Have you heard about geometric series?

Answer 29

Read this
http://en.wikipedia.org/wiki/Geometric_series

Answer 30

yes

Answer 31

what is
a + ar + ar^2 + .... + a r^n ?

Answer 32

a(r)^n-1

Answer 33

I just don't know how to find the limit

Answer 34

It is
\[
\frac{a
\left(1-r^{n}\right)}{1-r
}
\]

Answer 35

I dont know what\[ \frac{a \left(1-r^{n}\right)}{1-r } \] is because I can't see what it actually klooks like and I can't make sense of it... I'm sorry

Answer 36

If r < 1, then the limit when n goes to infinity of
\[

r^n
\]
is zero

Answer 37

Read the link that I gave you before to understand what is going on?

Answer 38

But it says here that the answer is 8 +4 sqrt2

Answer 39

Yes it is true the answer is
\[
8+4 \sqrt{2}
\]

Answer 40

how...

Answer 41

?

Answer 42

Because the limit when n goes to infinity of
\[
\frac{a
\left(1-r^{n}\right)}{1-r
}
\]
is
\[
\frac{a
\left(1-0\right)}{1-r
}= \frac 4{ 1 - \frac 1 {\sqrt 2}}=8+4 \sqrt{2}


\]

Answer 43

After simplifying

Answer 44

My friend just told me to use conjugates.

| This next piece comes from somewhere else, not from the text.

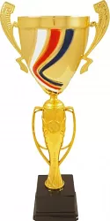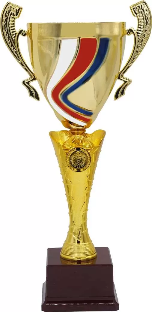 Sportovní luxusní pohár s možností emblému 2,5 cm, poklice a štítku na hnědém plastovém podstavci. Pohár v barvě české trikolóry.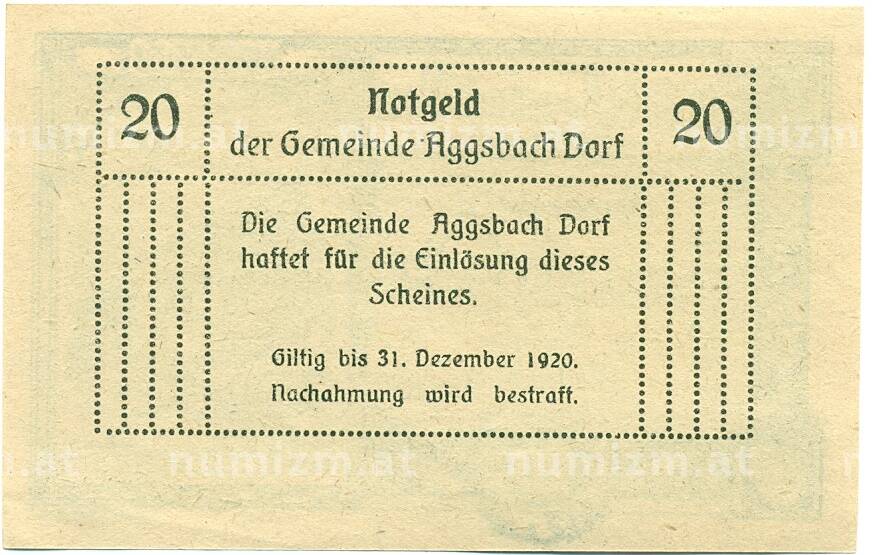 Купить 20 геллеров 1920 года Австрия — Коммуна Агсбах-Дорф (Нотгельд) по привлекательной цене можно в нашем интернет-магазине — Вам достаточно оформить заказ на сайте. Все монеты, представленные в каталоге, находятся в наличии на нашем складе.

Could you explain conjugates to me?

Answer 45

wow this turned out to be a totally different question didn't it?

Answer 46

\[
\frac{4}{1-\frac{1}{\sqrt{2}}}
=\frac{4}{1-\frac{\sqrt{2}}
{2}}=\frac{4}{\frac{1}{2}
\left(2-\sqrt{2}\right)}=\frac{8}{2-\sqrt{2}}
\]

Answer 47

Multiply up and down by the conjugate
\[ 2 + \sqrt 2
\]
You obtain
\[
\frac{8}{2-\sqrt{2}} \frac { 2+ \sqrt 2}{2+ \sqrt 2}=
\frac {8( 2 + \sqrt 2)}
{4-2}= 4 (2 +\sqrt 2)= 8 + 4 \sqrt 2
\]

Answer 48

Thank you for all of your time,. I think I get how to do it now!!!